A common theme found in the table of the mentioned topics, Nike and Olympics, is that both are closely mentioned together. Common phrases ask about what will be introduced and worn during the 2024 Paris Olympics. The most common phrases mostly talks about what the women will be wearing besides the men’s track kits.
| Mentions of the topic | ||
| Topic | Count | Percent |
|---|---|---|
| 0 | 2405 | 43.9 |
| 1 | 3074 | 56.1 |
# Load packages
if (!require("tidyverse")) install.packages("tidyverse")
if (!require("tidytext")) install.packages("tidytext")
if (!require("plotly")) install.packages("plotly")
if (!require("gtExtras")) install.packages("gtExtras")
library(tidyverse)
library(tidytext)
library(gtExtras)
library(plotly)
library(lubridate)
# Read the data
mydata <- read.csv("https://raw.githubusercontent.com/drkblake/Data/main/NikeUniforms.csv")

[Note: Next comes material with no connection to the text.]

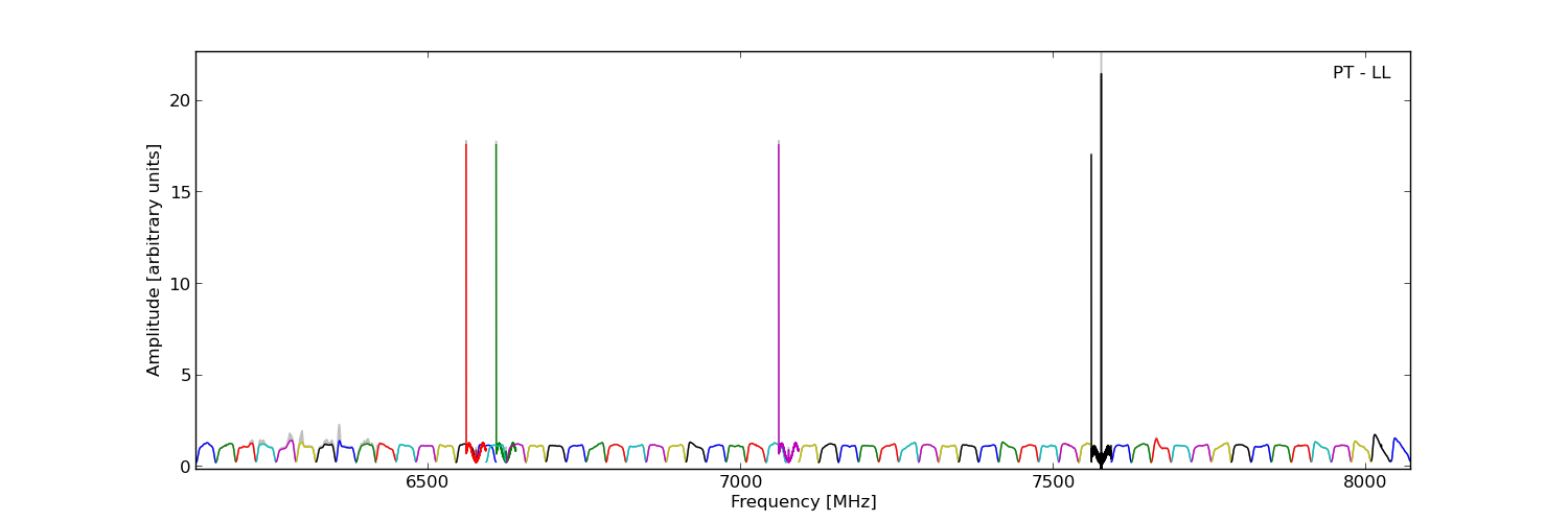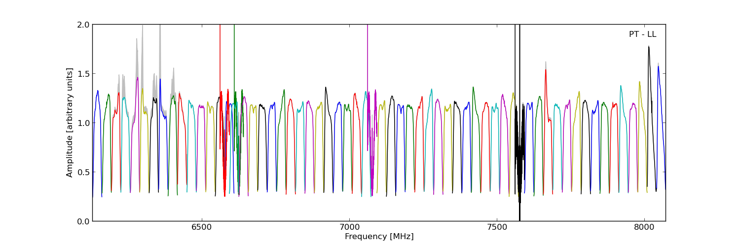 Total power spectrum in arbitrary units. The solid lines indicate the mean value and the shaded area the peaks.

# Counting posts about 2024 Olympics Nike Uniforms
tidy_text <- mydata %>%
unnest_tokens(word,Full.Text) %>%
count(word, sort = TRUE)
# Deleting standard stop words
data("stop_words")
tidy_text <- tidy_text %>%
anti_join(stop_words)
# Deleting custom stop words
my_stopwords <- tibble(word = c("https",
"t.co",
"rt"))
tidy_text <- tidy_text %>%
anti_join(my_stopwords)
head(tidy_text, 25)
searchterms <- "nike|olympics"
mydata$Topic <- ifelse(grepl(searchterms,
mydata$Full.Text,
ignore.case = TRUE),1,0)
Topic <- mydata %>%
group_by(Topic) %>%
summarize(
Count = n(),
Percent = round(n() / nrow(mydata) * 100, 1)
)
TopicTable <- gt(Topic) %>%
tab_header("Mentions of the topic") %>%
cols_align(align = "left") %>%
gt_theme_538
TopicTable
# Counting phrases
# Extract phrases to a "tidy_phrases" data frame
tidy_phrases <- mydata %>%
unnest_tokens(phrase,Full.Text,token="ngrams", n=3) %>%
count(phrase, sort = TRUE)
# Delete custom stop words
my_stopphrases <- tibble(phrase = c("be worn by",
"at the 2024",
"field team at",
"nike kits that",
"olympics in paris"))
tidy_phrases <- tidy_phrases %>%
anti_join(my_stopphrases)
head(tidy_phrases, n=25)